Bitcoin Miner on my OS vs Linux

Bitcoin Miner on my OS vs Linux
Screenshot of my OS with the Bitcoin miner running center-right. Despite it saying “Reach OS” in the screenshot, my OS is currently unnamed. When it boots up, it randomly chooses a word from a word list and appends “OS” to it. 

I am currently working on an operating system in a new systems programming language called Zig. While working on my OS, one of the things I was curious about is how much faster an application could run on bare metal without all interrupts and overhead from OS scheduler. Thus, I thought a pseudo Bitcoin miner would be the perfect candidate to test this theory! As a quick overview, my pseudo Bitcoin miner does the following:

  1. Takes in 3 hardcoded arguments:
    1. 76 bytes of preprocessed data. In this context, we don’t really care what these bytes are.
    2. The “target” which is a 32-byte number.
    3. A “start” and “end” 4-byte number.
  2. Initialize a 4-byte (32-bit) number to the “start” number. We will call this the nonce.
  3. Concatenate the 76 byte and the nonce together to get an 80 byte string.
  4. Hash this 80 byte string with the SHA256 and take the result and hash it again with SHA256, i.e. SHA256(SHA256(S)) where S is the 80 byte string.
  5. If the resulting hash is less than the target then we successfully mined a block! We stop here.
  6. If not, we increment the nonce. If the nonce is less than or equal to “end” we go back to 3. Else, we stop and we failed to mine a block.
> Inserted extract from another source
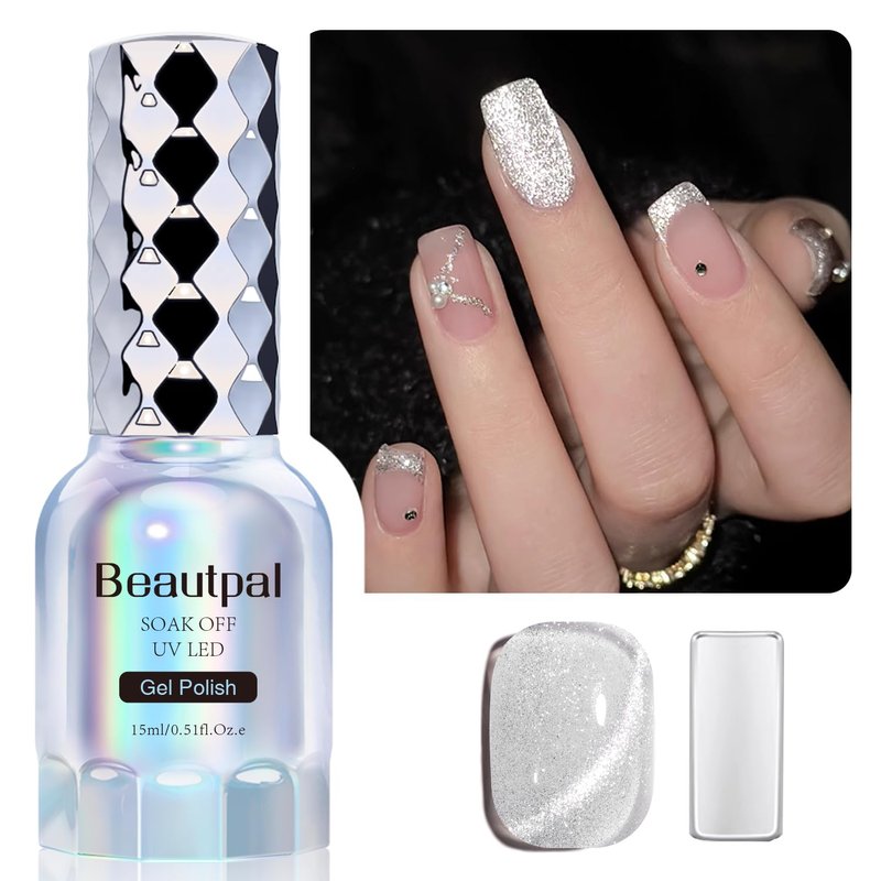 BEAUTPAL Platinum Cat Eye Gel Nail Polish, Silver Sparkly Shine Cat Eye Soak Off UV LED Nail Polish Gel Salon Manicure Nail Art DIY at Home 15ML(0.51FL OZ) with Magnetic Stick

To be clear, this program does not connect to the internet (nor does my OS have network support yet), but it does do the same hashing work that a real Bitcoin miner does.
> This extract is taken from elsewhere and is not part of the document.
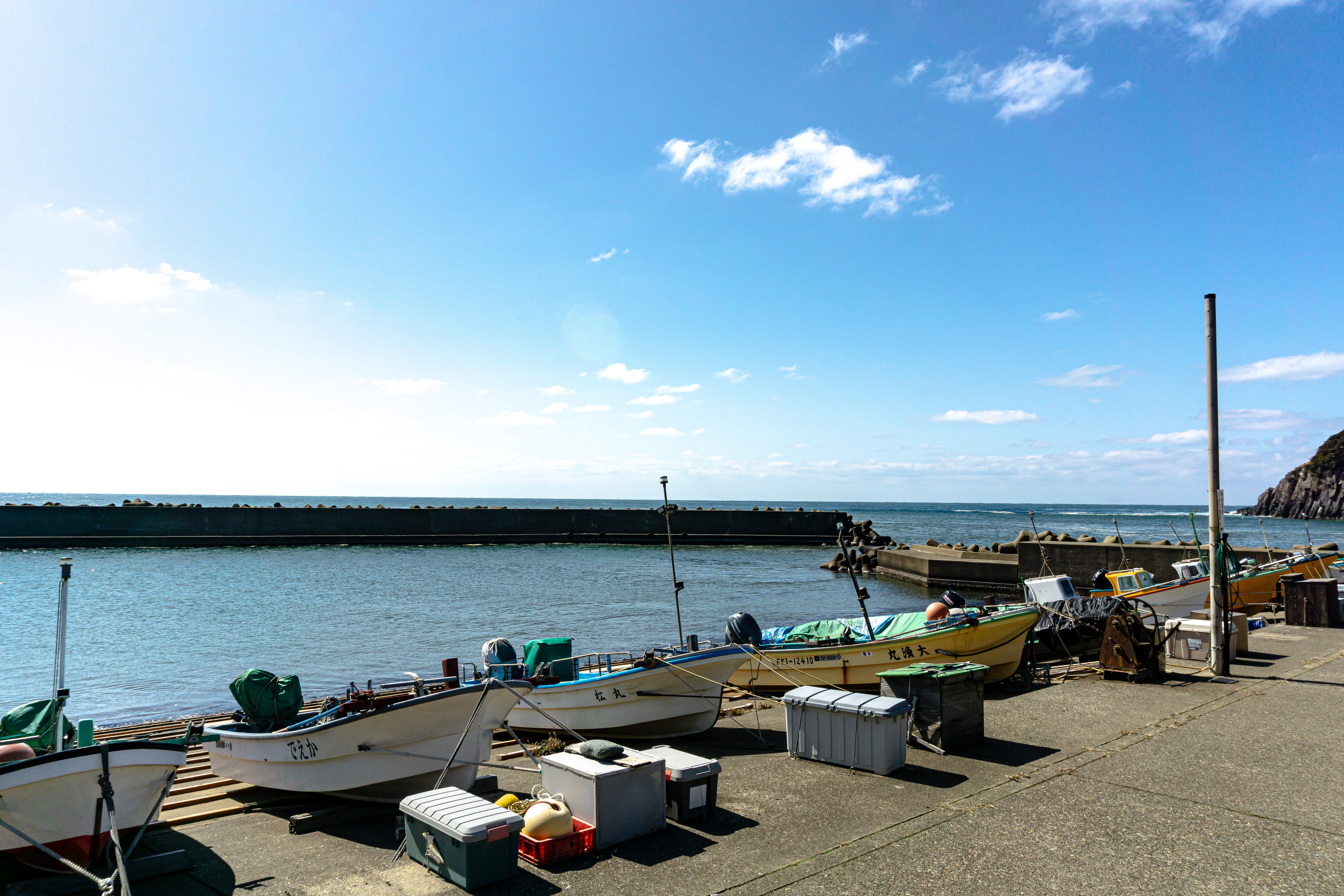 Ajima Fishing Port with Fishing Boats Lined Up

I wrote two versions of the miner, 1 to run on my OS and a Linux version to compare with. This miner had spawns multiple threads to split up the 32-bit number space of the nonce and mine each piece of this space concurrently. This miner spawns the number of hardware threads the CPU supports, minus 1, leaving one thread open for the main kernel thread. 
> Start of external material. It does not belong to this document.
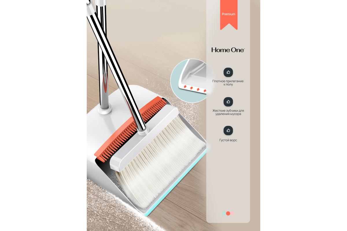 Щетка и совок для уборки Home One - универсальный хозяйственный набор предназначенный для быстрой и качественной уборки в доме. Совок и щетка на длинной ручке позволят Вам убираться не наклоняясь, снижая нагрузку на спину и суставы. Насадка щетка для уборки выполнена из густой и прочной щетины, которая очистит даже труднодоступные места, не повреждая напольные покрытия. Ручной совок пластиковый оснащен жесткими зубчиками для быстрой очистки метлы. Совок ручной оснащен резиновой кромкой, за счет чего более плотно прилегает к поверхности и позволяет собирать мелкий мусор. Веник с совком прост в использовании и не требует особого ухода. Совок и щетка для уборки компактны и не займут много места при хранении. В комплекте идет также водосгон для мытья стекол и кафельных поверхностей без разводов. Веник с совком на длинной ручке идеально подойдет для уборки дома, квартир, офисов и даже парикмахерских. Набор для уборки Home One незаменимый помощник!

My machine’s CPU has 4 hardware threads, so the miner spawns 3 threads on this machine:

  • Thread 0 will try nonces 0x0000_0000 – 0x5555_5555 (inclusive). To be specific, 0x0000_0000 is the “start” number and 0x5555_5555 is the “end” number.
  • Thread 1 will try nonces 0x5555_5556 – 0xAAAA_AAAAA. 
  • Thread 2 will try nonces 0xAAAA_AAAAB – 0xFFFF_FFFFF.

To get valid data, I had to make sure that I was running Linux on the same machine I was booting to my OS on. I measured the following per thread:

  • The average number of CPU cycles it took to do one hash.
  • The maximum number of CPU cycles it took to do one hash.
  • The minimum number of CPU cycles it took to do one hash.
  • The total time it took to mine a block in seconds.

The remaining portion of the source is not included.